By $[T]$ we denote the set of all "infinite branches" of $T$, i.e. infinite sequences $(U_0, V_0, \ldots)$ such that $(U_0, V_0, \ldots U_n, V_n)\in T$ for any $n\in \bN$.
\end{definition}
\begin{definition}
A \emph{strategy} for $II$ in $G^{\star\star}(A)$ is a subtree $\sigma\subseteq T$ such that
\begin{enumerate}[label=(\roman*)]
\item $\sigma$ is nonempty,
\item if $(U_0, V_0, \ldots, V_n)\in\sigma$, then for all open nonempty $U_{n+1}\subseteq V_n$, $(U_0, V_0, \ldots, V_n, U_{n+1})\in\sigma$,
\item if $(U_0, V_0, \ldots, U_{n})\in\sigma$, then for unique $V_n$, $(U_0, V_0, \ldots, U_{n}, V_n)\in\sigma$.
\end{enumerate}
\end{definition}
Intuitively, a strategy $\sigma$ works as follows: $I$ starts playing $U_0$ as any open subset of $X$, then $II$ plays unique (by (iii)) $V_0$ such that $(U_0, V_0)\in\sigma$. Then $I$ responds by playing any $U_1\subseteq V_0$ and $II$ plays uniqe $V_1$ such that $(U_0, V_0, U_1, V_1)\in\sigma$, etc.
\begin{definition}
A strategy $\sigma$ is a \emph{winning strategy for $II$} if for any game $(U_0, V_0\ldots)\in [\sigma]$ (where $[\sigma]$ is defined analogically to $[T]$) player $II$ wins, i.e. $\bigcap_{n}V_n \subseteq A$.
\end{definition}
Now we can state the key theorem.
\begin{theorem}
\label{theorem:banach_mazur_thm}
Let $X$ be a nonempty topological space and let $A\subseteq X$. Then A is comeagre $\Leftrightarrow$ $II$ has a winning strategy in $G^{\star\star}(A)$.
\end{theorem}
In order to prove it we add an auxilary definition and lemma.
\begin{definition}
Let $S$ be a pruned subtree of a strategy $\sigma$ and let $p=(U_0, V_0,\ldots, V_n)\in S$. We say that S is \emph{comprehensive for p} if the family $\cV_p = \{V_{n+1}\mid (U_0, V_0,\ldots, V_n, U_{n+1}, V_{n+1})\in S\}$ (it may be that $n=-1$) is pairwise disjoint and $\bigcup\cV_p$ is dense in $V_n$.

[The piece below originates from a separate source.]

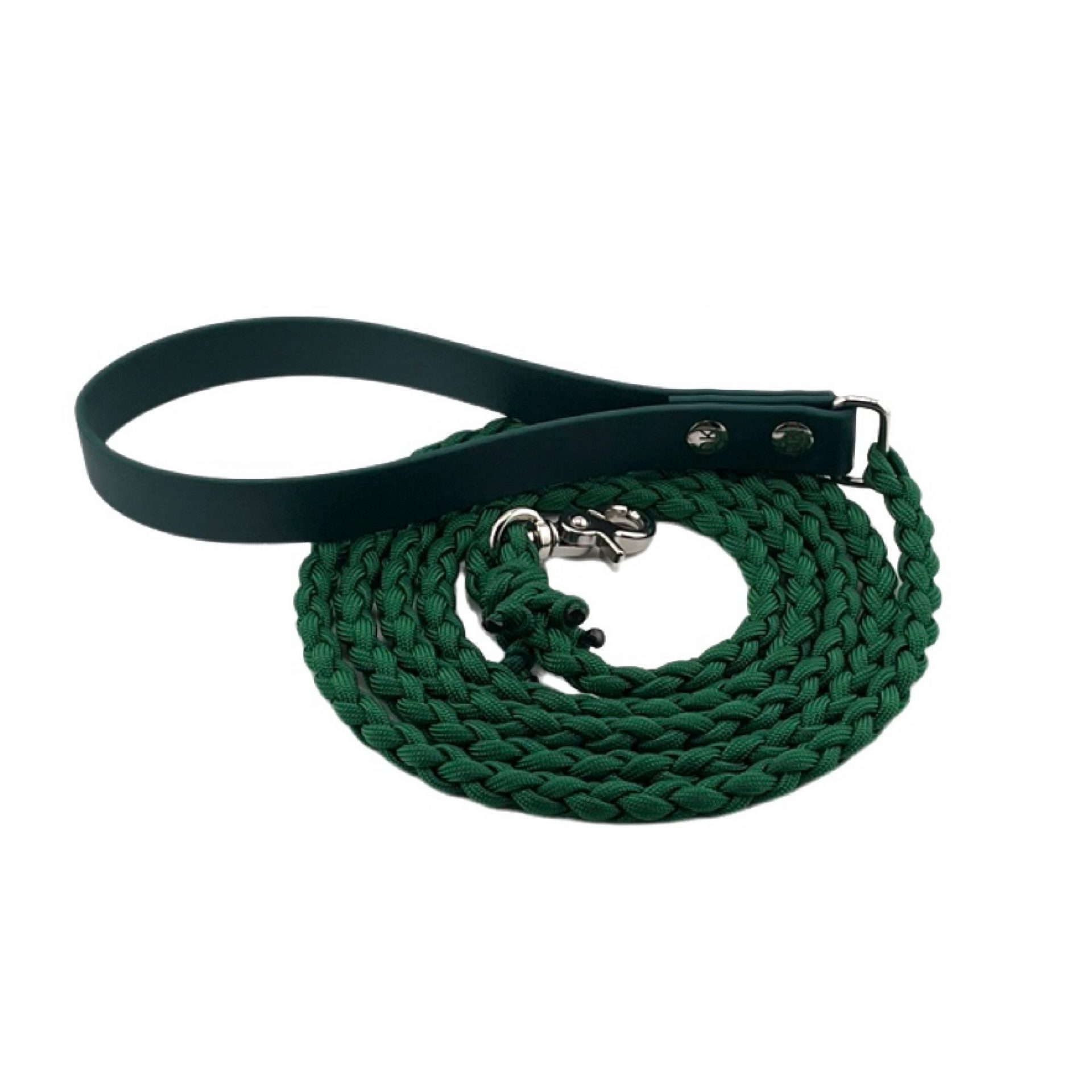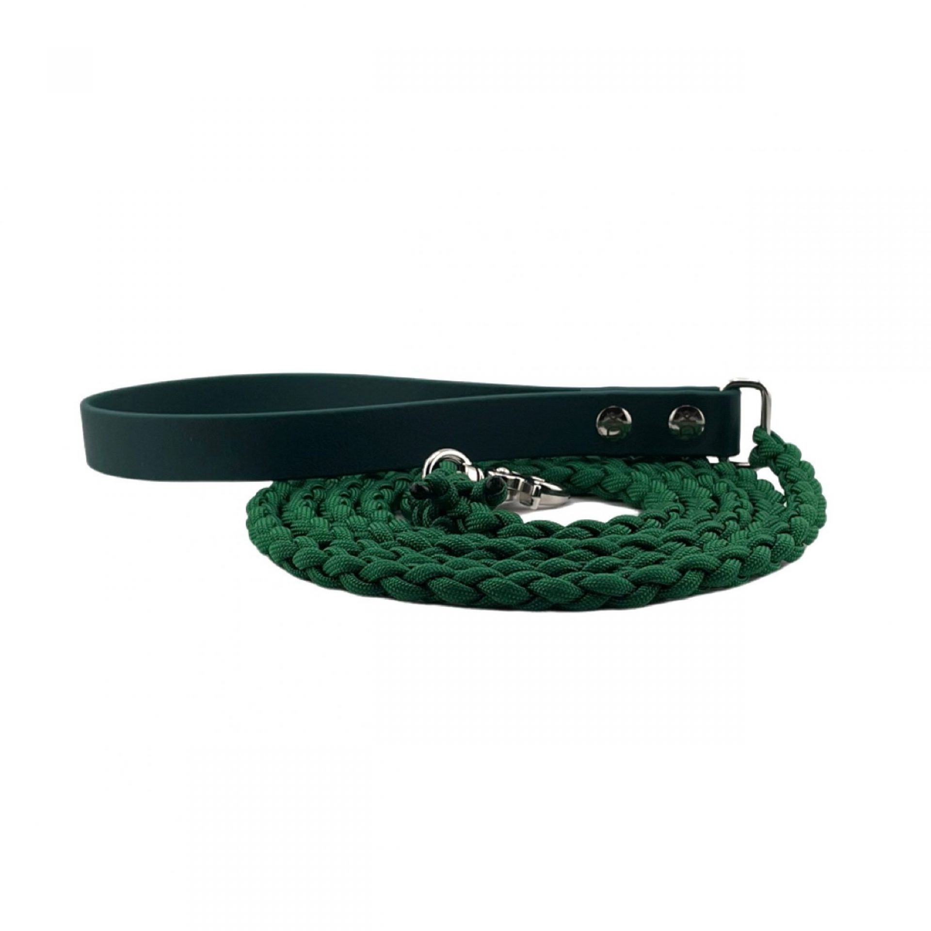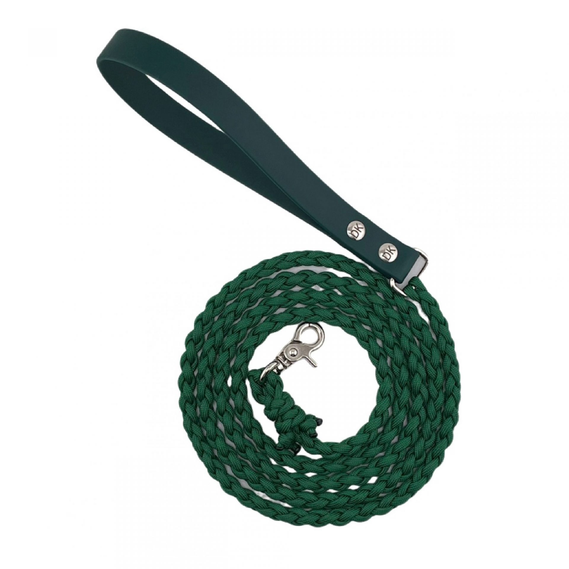 Unsere Paracordleine DK „Green“ 2-Strang verbindet das strapazierfähige und robuste Design von Paracord mit der schlichten Eleganz von Biothane. Die Handschlaufe aus Biothane ermöglicht eine sichere und komfortable Führung deines Hundes. Biothane ist wasserfest und resistent gegenüber Schmutz und Feuchtigkeit. Das macht es besonders geeignet für den Einsatz im Freien und bei allen Wetterbedingungen. Die glatte Oberfläche von Biothane macht es einfach, diese zu reinigen. Man kann Schmutz oder Schlamm leicht abwischen. Biothane ist im Vergleich zu einigen anderen Materialien sehr leicht, was den Komfort für deinen Hund und dich verbessert. Die Leine ist nicht verstellbar und in der Gesamtlänge inkl. Schlaufe ca. 1,85 m lang (ohne Schlaufe ca. 1,65 m). Jede Leine von uns wird für dich in 100 % Handarbeit hergestellt.

We say that $S$ is \emph{comprehensive} if it is comprehensive for any $p=(U_0, V_0,\ldots, V_n)\in S$.
\end{definition}
\begin{lemma}
\label{lemma:comprehensive_lemma}
Let $S$ be a comprehensive pruned subtree of a strategy $\sigma$. Then:
\begin{enumerate}[label=(\roman*)]
\item For any $V_n$ such that there is $p=(U_0, V_0, \ldots, V_n)\in S$, this $p$ is unique.
\item Let $W_n = \{V_n\mid (U_0, V_0, \ldots, V_n)\in S\}$, i.e. $W_n$ is a family of all possible choices player $II$ can make in its $n$-th move. Then $\bigcup W_n$ is open and dense in $X$.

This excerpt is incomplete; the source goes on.